■ Excerpted data
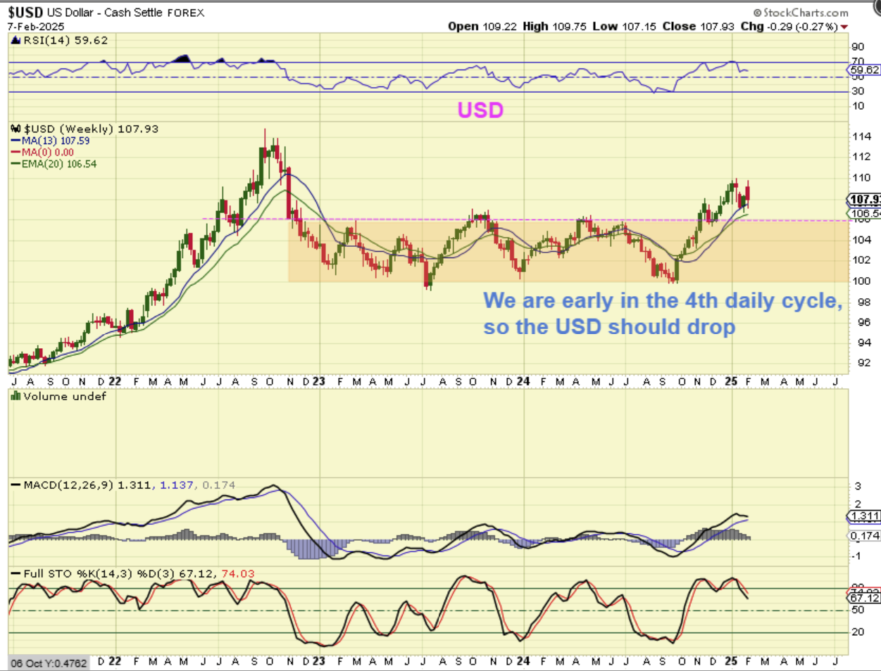 USD WEEKLY – I’ve been showing on the daily charts that we had 2-3 strong daily cycles higher, but this 4th one is starting off as a weakening daily cycle. I have expected the USD to roll over into an ICL sooner than later.
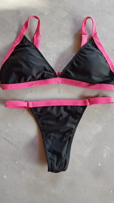 El Bikini Bicolor Negro / Fucsiaes un modelo moderno, fresco y súper favorecedor, ideal para quienes buscan un diseño simple con un toque de color. Su corpiño triángulo regulable permite ajustar el calce según tu preferencia, mientras que la bombacha colaless regulable realza la figura y brinda comodidad.
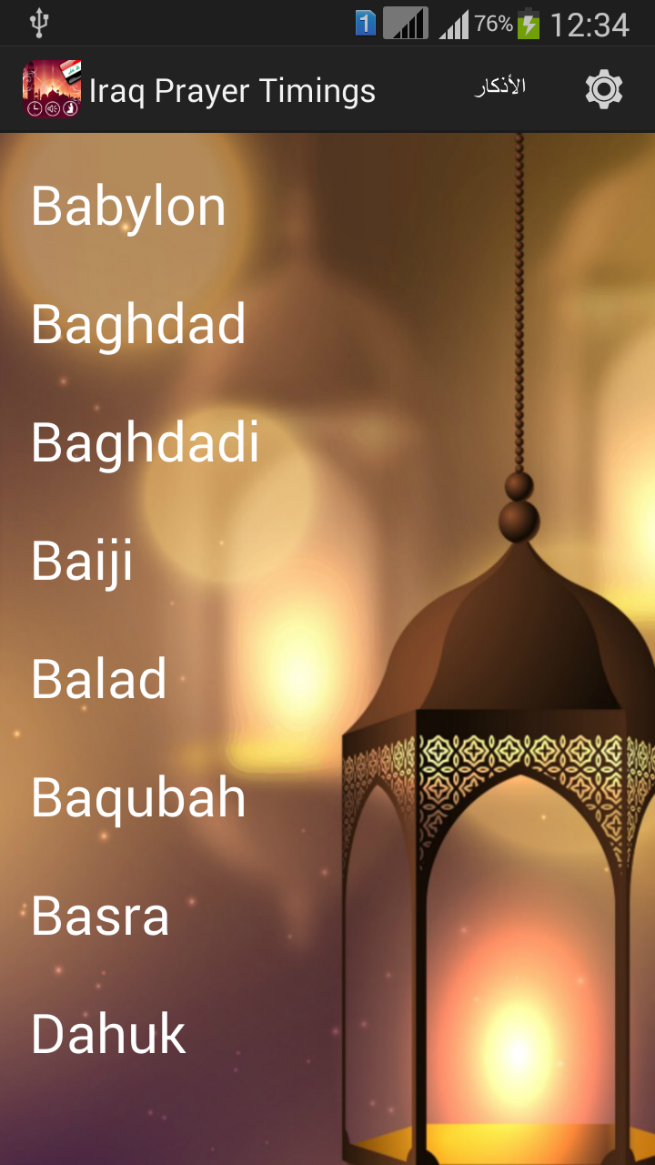 تطبيق مجاني يضم إلى جانب أوقات الصلاة في العراق، بعض الأدعية والأحاديث النبوية الشريفة والمقولات اليومية المتنوعة مواقيت الصلاة في العراق أو مواقيت الصلاة في العراق تطبيق و برنامج جديد يساعد مستعملي هواتف الاندرويد على تذكر اوقات الصلاة في العراق , مواعيد الاذان يمنحك العديد من المزايا فهو اول تطبيق مواقيت الصلاة في العراق أو مواقيت الصلاة في العراق و مواقيت الصلاة في بغداد حيت يعطيك اذان في العراق و في جميع مدن , اوقات الصلاة في العراق مضبوطة يوفر هذا التطبيق مواقيت الصلاة اليومية لدولة العراق الى جانب الميزات أدناه : الإمساك، الفجر، الشروق، الظهر، العصر، المغرب والعشاء إضهار بعض الأدعية وبعض الأدكار مشاركة مواقيت الصلاة مع أصدقائك تذكير يومي / التنبيه للصلاة عن طريف رفع الأذان بأصوات رائعة تغيير صوت الآذان التحكم بالاشعارات توفير 22 من أصوات الأذان يمكن للمستخدمين الاستماع إلى النشيد أثناء استخدام التطبيق. هذا و يمكن تعطيله باستخدام في الإعدادات من بين المدن التي يتيحها تطبيق أوقات الصلاة في العراق : الدور عفك العوجا الديوانية الحلة القائم العمارة الرطبة أربيل بغداد بيجي بلد بعقوبة البصرة دهوك الفلوجة حديثة حلبجة هيت الإسكندرية كربلاء خانقين كركوك الكوت الموصل المقدادية النجف الناصرية الرمادي سامراء السماوة الشامية السليمانية لتاجي تلعفر تل كيف تكريت أم قصر زاخو الزبير
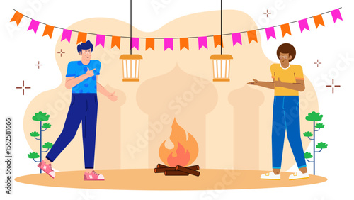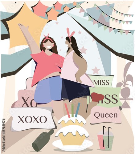 Векторная иллюстрация женщин с бенгальскими огнями. Праздничный ужин, бутылка шампанского на столе. Интерьер гостиной. Элемент дизайна празднования Нового года в плоском стиле.
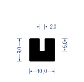 EPDM Moosgummi U-Profil, KB 2 mm, 10 x 9 mm, schwarz
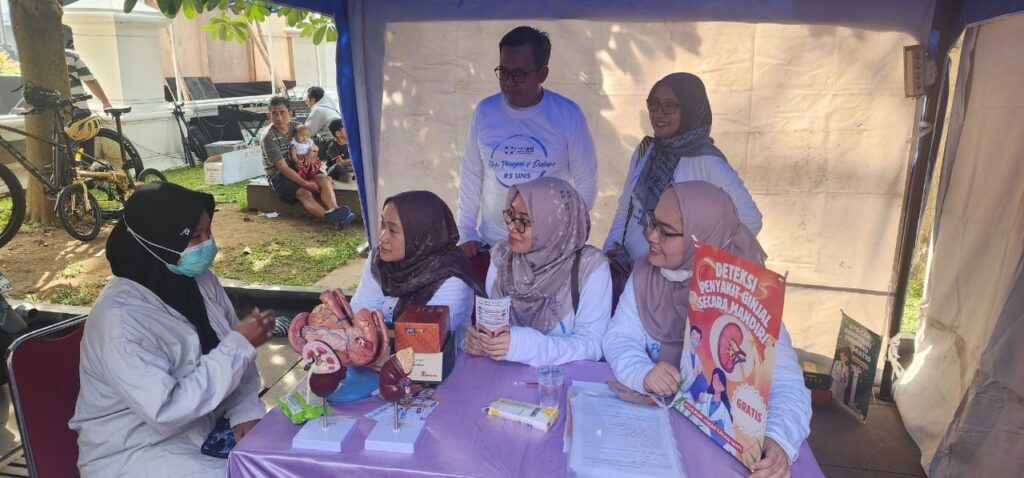 Screening atau deteksi dini adanya penyakit gagal ginjal kronis juga dilakukan dengan membagikan quisioner untuk screening dini penyakit ginjal, dimana hasil penilaian screening bisa diinterpretasikan apakah seseorang mempunyai risiko lebih tinggi ataukah lebuh rendah untuk menderita penyakit ginjal. “Ada sekitar 70-an peserta dari masyakarat yang telah dilakukan screening, konsultasi dan pemeriksaan oleh 8 internist dari RS UNS. Kami juga membagikan leaflet tentang penyakit ginjal kronis dan cara menjaga kesehatan ginjal. Kami sangat senang animo dan antusias masyarakat mendatangi booth Interna di CFD kali ini, “ ujar Dr.dr. Wachid Putranto, Sp.PD-KGH, FINASIM sebagai salah satu staff pengajar dan praktisi Ilmu Penyakit Dalam khususnya bidang ginjal dan hipertensi. “Kami membawa pula alat BIA (BioImpedance Analysis) untuk mengukur berbagai komponen tubuh seperti kadar air, otot, persentase lemak, dan massa sel. Kondisi obesitas sendiri juga merupakan salah satu faktor risiko terjadinya masalah ginjal, “ imbuh beliau.
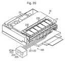 Each of theattachments220 has an outline identical to the outline of thetypical cartridge18 ofFIG. 25. With reference toFIG. 21, a secondliquid outlet port54 and a secondair inlet port75 are defined at an end of ahollow casing220A of eachattachment220, which is formed of hard resin. The secondliquid outlet port54 serves as a first connection port through which the ink Ik is sent out of thehollow casing220A. The secondair inlet port75 serves as a second connection port through which pressurized air is supplied from the exterior into thehollow casing220A.
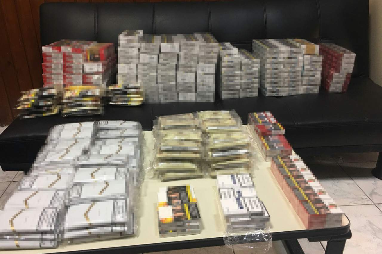 -781- πακέτα τσιγάρων, χωρίς ειδική ταινία φορολόγησης -110- συσκευασίες καπνού συνολικού βάρους -5,5- κιλών, χωρίς ειδική ταινία φορολόγησης Πλήθος ηλεκτρονικών συσκευών και εξαρτημάτων, όπως φορητοί υπολογιστές, κινητά τηλέφωνα, τηλεοράσεις, ηλεκτρικά οικοδομικά εργαλεία, κ.α. Το χρηματικό ποσό των -115- ευρώ -3- σημειωματάρια με χειρόγραφες ενδείξεις αγοραπωλησίας τσιγάρων
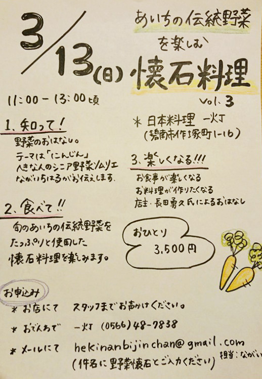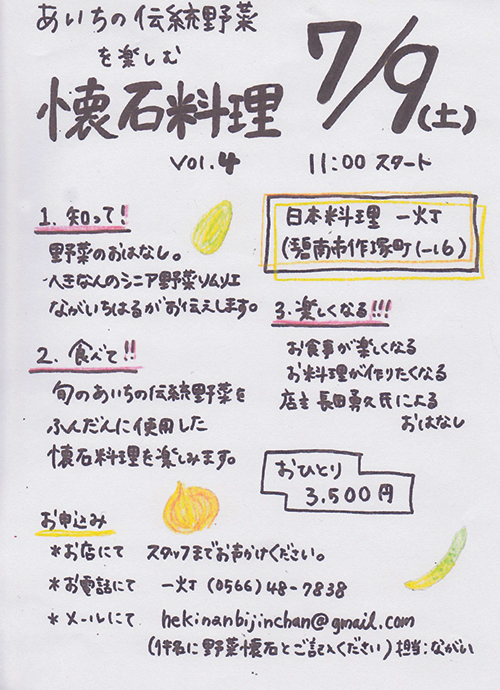 一灯の「あいちの伝統野菜を楽しむ懐石料理」 (第四回)
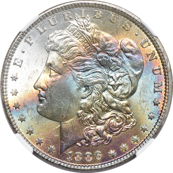 Lot Title: Three 1886 MS-63, MS-64 Star, and MS-65, all NGC CACCAC
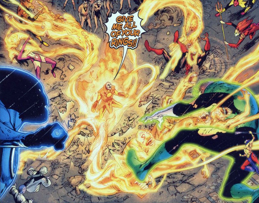 Page 21 – Panel 4: Driven by rage and grief, Sinestro attacks Ganthet.

■ What this task involves
Find the line with "-781- πακέτα τσιγάρων, χωρίς" in the listing above, then write it out along with every later line through the last one, exactly, omitting pictures.

■ Answer to the problem
 -781- πακέτα τσιγάρων, χωρίς ειδική ταινία φορολόγησης -110- συσκευασίες καπνού συνολικού βάρους -5,5- κιλών, χωρίς ειδική ταινία φορολόγησης Πλήθος ηλεκτρονικών συσκευών και εξαρτημάτων, όπως φορητοί υπολογιστές, κινητά τηλέφωνα, τηλεοράσεις, ηλεκτρικά οικοδομικά εργαλεία, κ.α. Το χρηματικό ποσό των -115- ευρώ -3- σημειωματάρια με χειρόγραφες ενδείξεις αγοραπωλησίας τσιγάρων
 一灯の「あいちの伝統野菜を楽しむ懐石料理」 (第四回)
 Lot Title: Three 1886 MS-63, MS-64 Star, and MS-65, all NGC CACCAC
 Page 21 – Panel 4: Driven by rage and grief, Sinestro attacks Ganthet.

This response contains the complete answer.